L’expérience collaborateur n’est pas entre les bonnes mains
Et qui s’occupe de l’expérience employé ? Les RH. Et là également le baromètre est très intéressant !
Dans les entreprises à la pratique récente (1 an) c’est la DRH dans 82% des cas, dans celles qui pratiquent depuis entre 1 et 3ans cela tombe à 80%, et dans celles à la pratique la plus ancienne ça n’est plus que 64% (32% pour la DG).
Ou dit autrement : plus on creuse le sujet de l’expérience employé plus on comprend que ça n’est pas qu’un sujet RH.
Je ne dis pas, encore une fois, que les RH ne doivent pas s’occuper du sujet mais qu’ils ne peuvent pas s’en occuper seuls ! Ou alors montrez moi un DRH légitime sur les sujets d’organisation du travail, de delivery, d’opérations…et il y en a car ils viennent du métier.

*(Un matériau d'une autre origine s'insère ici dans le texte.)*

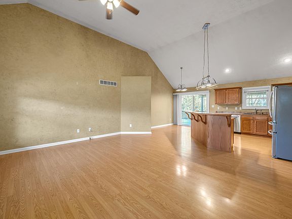 This ranch home on a full, finished, walk-out basement is ready for its new owner. The open floor plan features a living room, dining area and kitchen with vaulted ceilings leads you out to a large, covered back deck. All appliances including the washer and dryer stay. The primary suite offers access to that covered deck perfect for your morning coffee or just relaxing before bed. It also boasts a walk-in closet, a large bath with dual sinks, tub and separate shower. The laundry room and 2 additional bedrooms and full bath round out the first floor. Head downstairs to the walkout basement featuring a large family room, wet bar, game area and two additional bedrooms and a full bath. Walk outside to a large patio with a hot tub looking out over the fenced backyard. Need storage? This home gives you that too.
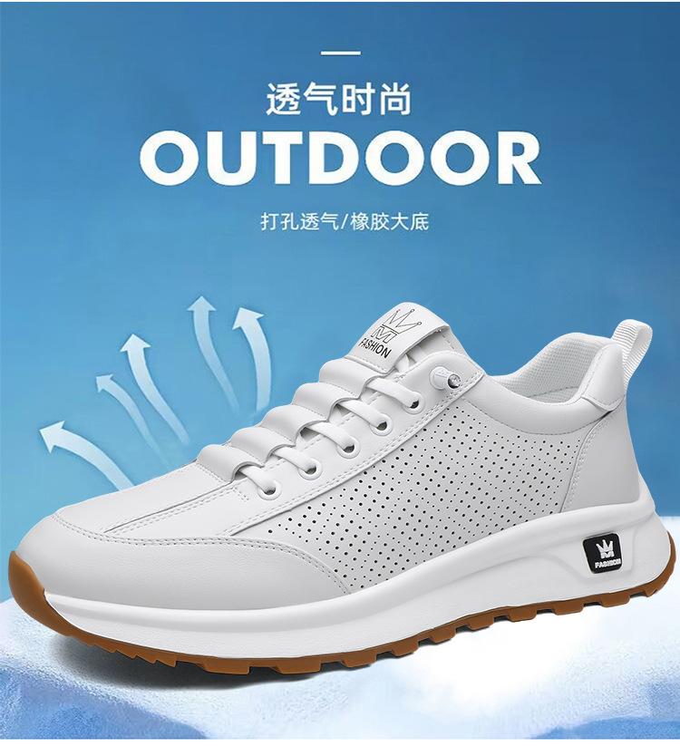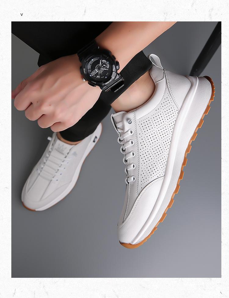 Zapatos de hombre, nuevos zapatos deportivos casuales de verano, zapatillas sin cordones, zapatos blancos de cuero genuino para hombre, zapatos de cuero hueco, zapatos de moda para hombre
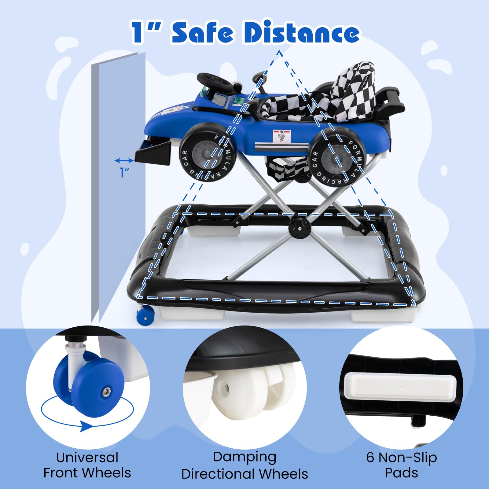 - ăSafety Comes Firstă The ASTM & CPSIA certificated baby walker features 6 anti-slip pads (auxiliary brakes) to eliminate the risk of falling down stairs or rolling down slopes. With a 2-inch gap reserved between the front of the walker and the wall, it prevents finger pinching for a safe world exploration. The enlarged base ensures a stable center of gravity and prevents tipping over. Moreover, the widened wheel spacing prevents foot bumping during walking process.
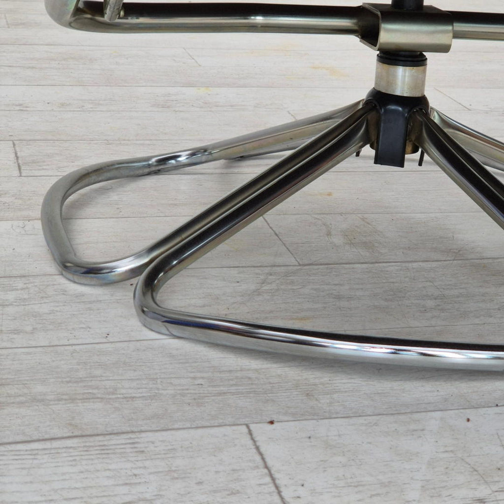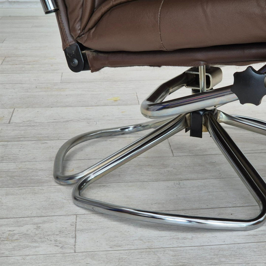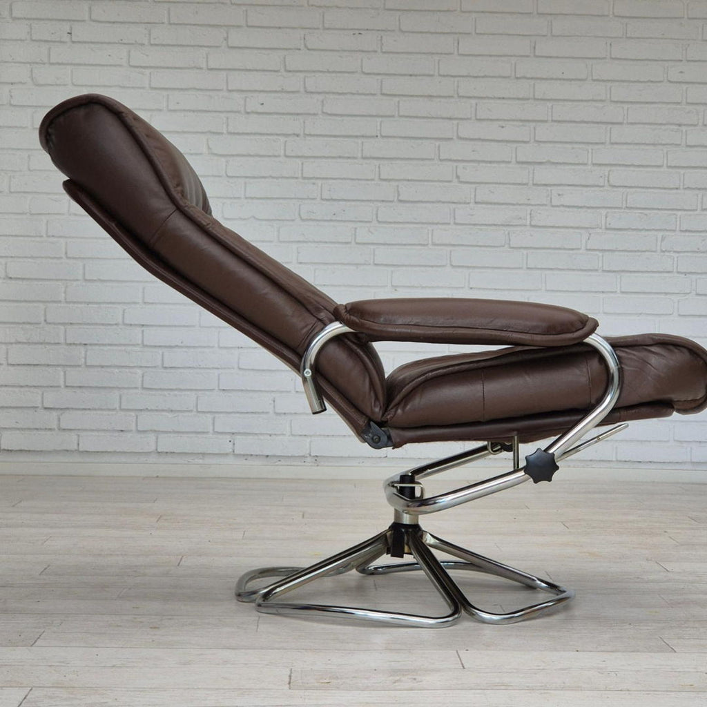 1970s, Scandinavian swivel chair in original very good condition: no smells and no stains. Brown leather, chrome steel. Adjustable seat/back. Manufactured by Norwegian or Danish furniture manufacturer in the late 70s.
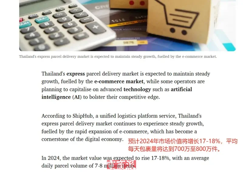 隨著電子商務快速擴張,以及AI人工智能技術不斷升級,泰國快遞包裹遞送市場迎來黃金增長期。
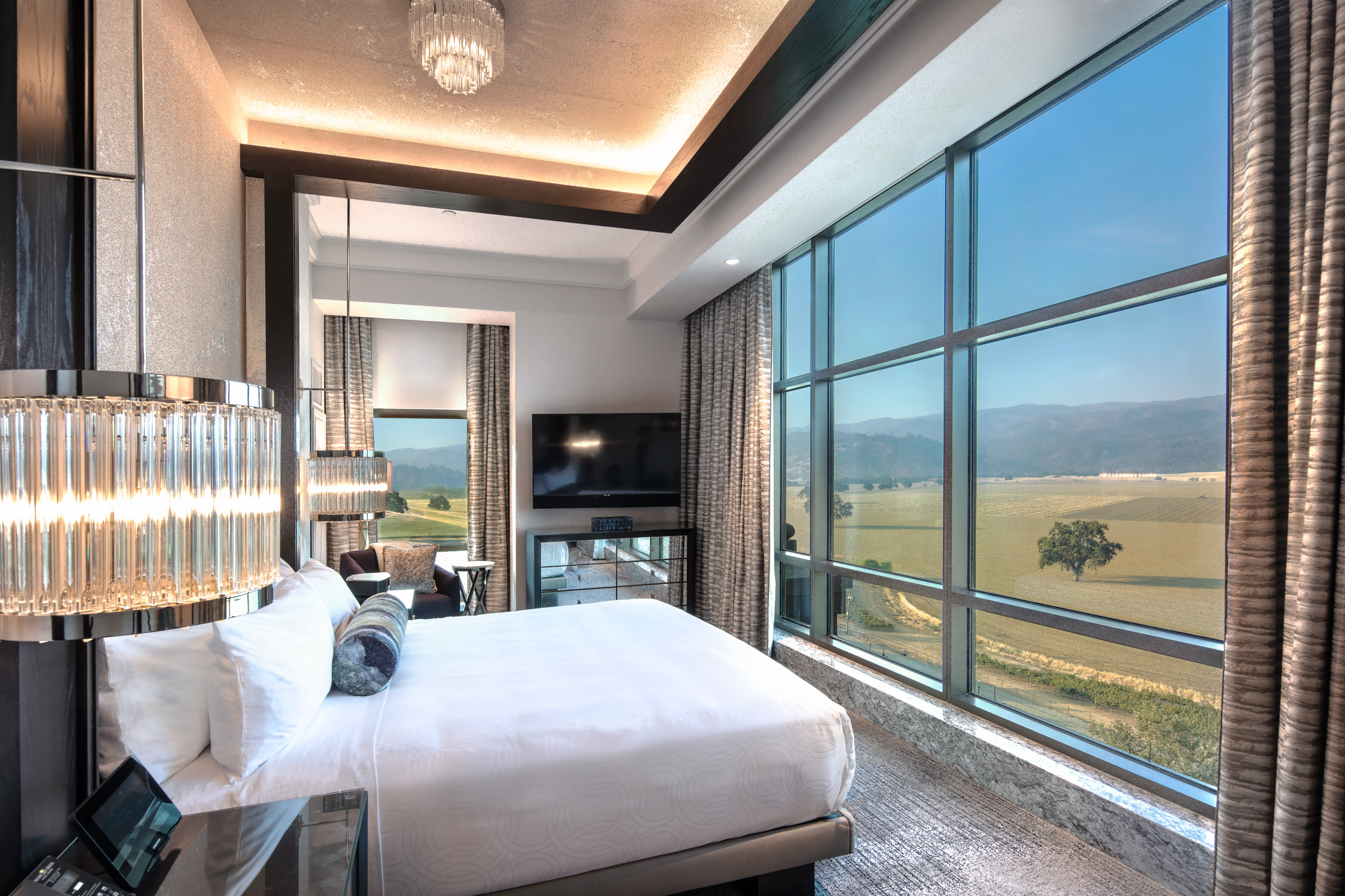 Capay Valley is host to abundant life in the forms of flora that change through the seasons to the animals and insects that animate and give the rolling hills life. Through the seasons, the landscape evolves – as seen throughout the hotel’s rich, refined pattern, texture and color palette and intricate structural geometry inspired by delicate almond blossoms, grassy hills, saturated wildflowers, olive groves and tomatoes and grapes as they ripen on the vine under the warm sun. This contextual design springs to life inside the new hotel lounges, dining venues, guestrooms and suites with a serene and elegant interpretation of the agrarian landscape and wide-open views to the picturesque valley.
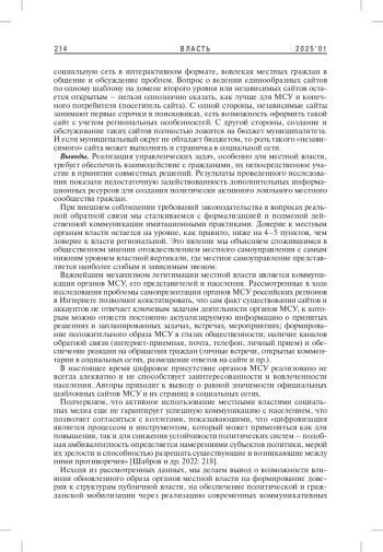 В статье показаны особенности организации коммуникации органов местного самоуправления и населения в условиях ускоренной цифровизации, основные рамки которой были заложены в федеральном законе «Об обеспечении доступа к информации о деятельности государственных органов и органов местного самоуправления». Авторы рассматривают эффективную коммуникацию как один из факторов легитимации местного самоуправления, показателем которого выступает доверие. Контент-анализ сайтов и страниц местных администраций в социальных сетях позволил сделать вывод, что форсированное создание интернет-ресурсов пока не привело к повсеместному качественному обмену информацией между властью и обществом. Исследование выявило несущественные региональные различия в плане функционирования официальных сайтов и страниц в социальных сетях муниципальных органов власти. Опираясь на эмпирические данные всероссийского мониторинга о динамике уровня доверия к местной власти, авторы делают вывод, что доверие к местной власти коррелирует с оценками уровня развития МСУ в стране. При этом коммуникация между властью и населением как механизм легитимации МСУ оценивается как низкоэффективная.
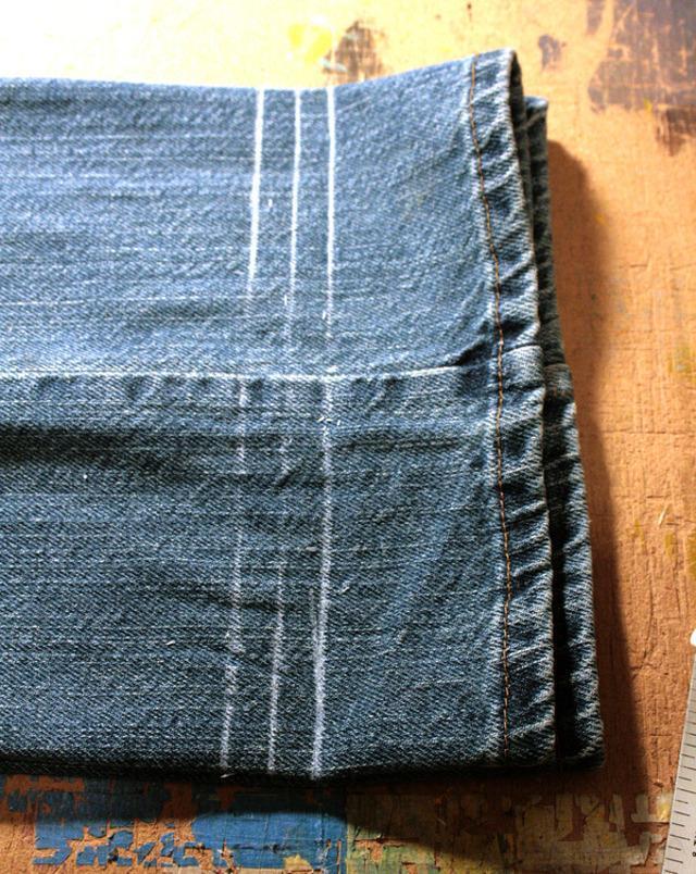 Alinhe as marcas e coloque uma perna da calça jeans por cima da outra. Coloque a régua deixando a marca de giz do lado direito da régua.

Mais ça ne courre pas les rues.
Le travail, son organisation sa complication, sont au coeur de l’expérience employé et il serait enfin temps d’en tenir compte. Ca n’est pas faute de l’avoir répété depuis des années.
Conclusion
Il aura fallu 6 éditions du baromètre de l’expérience employé pour que ressorte enfin qu’une de ses composantes essentielles était l’organisation du travail !
Mieux vaut tard que jamais mais cela a un impact majeur sur la manière dont on organise une telle démarche et son pilotage.
On y apprend aussi que les managers ne sont qu’une courroie de transmission à laquelle on prête peu d’attention mais ça on le savait déjà.